- **The records**
*****

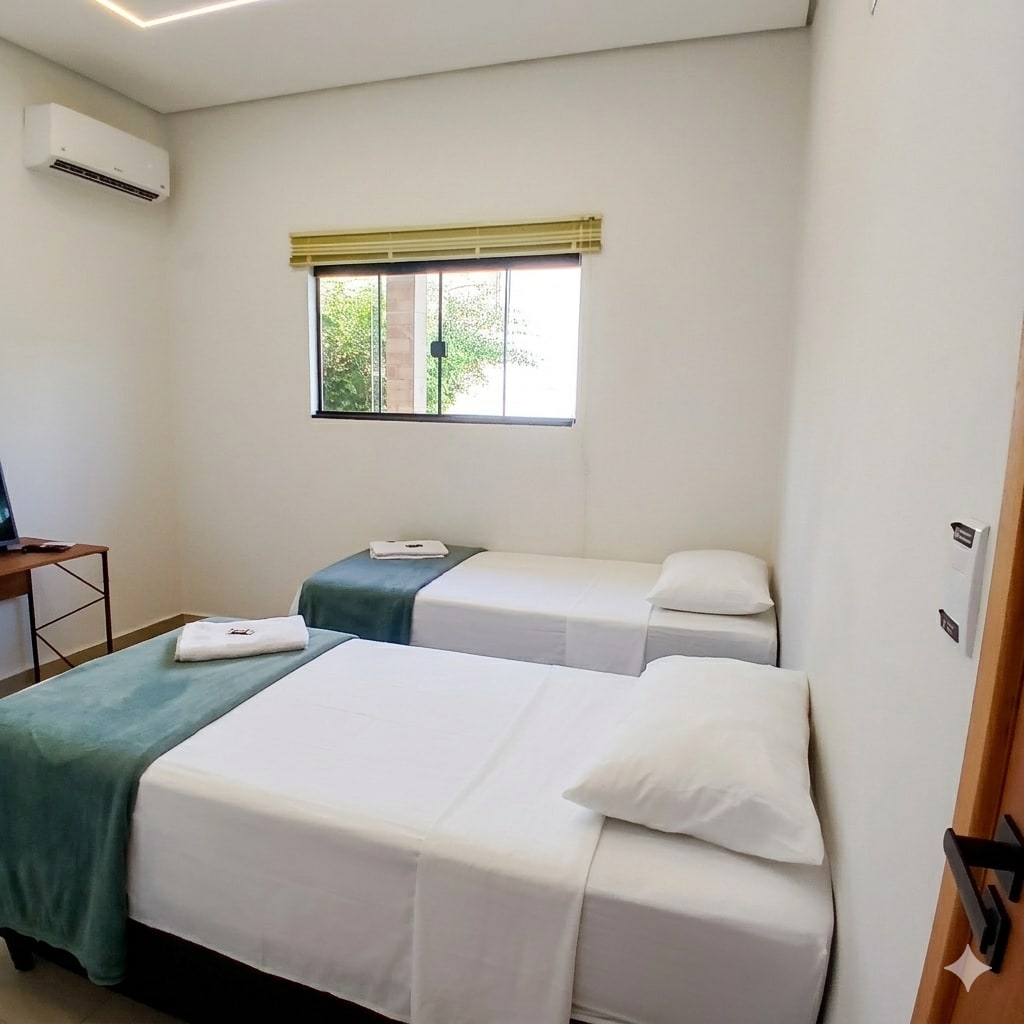 🏡 Situado em bairro nobre, acesso fácil aos principais pontos da cidade! 2 camas solteiro super confortáveis, suite com banheiro, ar-condicionado, Wi-Fi rápido, Smart TV e frigobar. Espaço recém reformado tudo novo! 🚗 Garagem exclusiva grátis! Entrada independente lateral: total privacidade e segurança. 🐾 Pet friendly (taxa extra). ⚠️ Acesso escada, balcão para refeições com itens básicos. Ambiente familiar muito acolhedor! 🛏️Venha se hospedar conosco e relaxar neste refúgio especial!
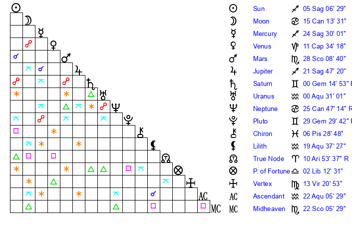 Mercury | 24 Sagittarius 30 | 22 Sagittarius 27 | 11 Aries 51 |
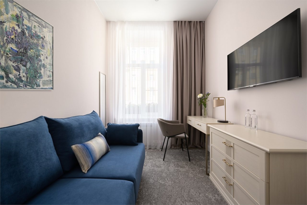 Очень достойный отель на Васильевском острове — настоящее открытие для тех, кто ценит комфорт и спокойствие. Отель расположен в тихом уютном районе, при этом все главные достопримечательности буквально рядом, что очень удобно для прогулок.
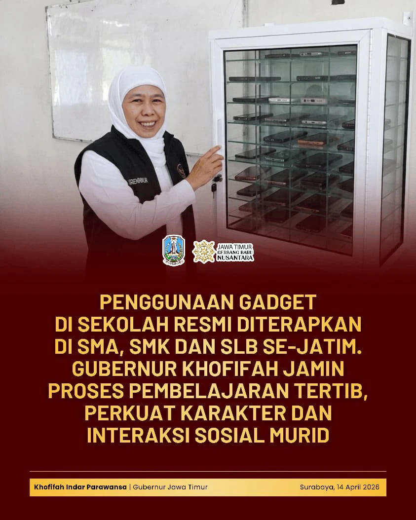 Kebijakan tersebut mulai diterapkan sejak Senin, 13 April 2026. Gubernur Jawa Timur, Khofifah Indar Parawansa, menegaskan bahwa pengaturan penggunaan gadget diperlukan guna memastikan proses pembelajaran berjalan aman, sehat, dan berorientasi pada penguatan karakter peserta didik.
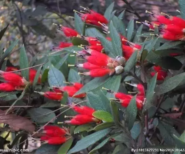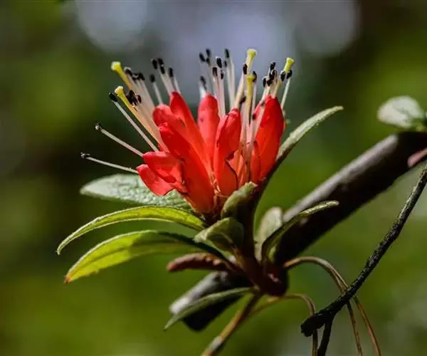 花序伞形,有2-4花;花梗长0.2-1厘米,连同花萼密被灰白色柔毛和鳞片;花萼浅杯状,无裂片;花冠筒状,两端略狭缩,长1.5-2.5厘米,朱红色、鲜红色或橙红色,上部5裂,裂片卵形,直立,花冠外面洁净,稀于裂片中部至筒部条状被短柔毛;雄蕊10,不等长,略伸出花冠之外,花药紫黑色,花丝无毛,稀基部有短柔毛;子房5室,密被茸毛并覆有鳞片,花柱长伸出花冠之外,无毛稀基部被短柔毛。

*****

Every line from the line containing "Mercury | 24" through the last line above is to be printed exactly. Pictures are not copied.

 Mercury | 24 Sagittarius 30 | 22 Sagittarius 27 | 11 Aries 51 |
 Очень достойный отель на Васильевском острове — настоящее открытие для тех, кто ценит комфорт и спокойствие. Отель расположен в тихом уютном районе, при этом все главные достопримечательности буквально рядом, что очень удобно для прогулок.
 Kebijakan tersebut mulai diterapkan sejak Senin, 13 April 2026. Gubernur Jawa Timur, Khofifah Indar Parawansa, menegaskan bahwa pengaturan penggunaan gadget diperlukan guna memastikan proses pembelajaran berjalan aman, sehat, dan berorientasi pada penguatan karakter peserta didik.
 花序伞形,有2-4花;花梗长0.2-1厘米,连同花萼密被灰白色柔毛和鳞片;花萼浅杯状,无裂片;花冠筒状,两端略狭缩,长1.5-2.5厘米,朱红色、鲜红色或橙红色,上部5裂,裂片卵形,直立,花冠外面洁净,稀于裂片中部至筒部条状被短柔毛;雄蕊10,不等长,略伸出花冠之外,花药紫黑色,花丝无毛,稀基部有短柔毛;子房5室,密被茸毛并覆有鳞片,花柱长伸出花冠之外,无毛稀基部被短柔毛。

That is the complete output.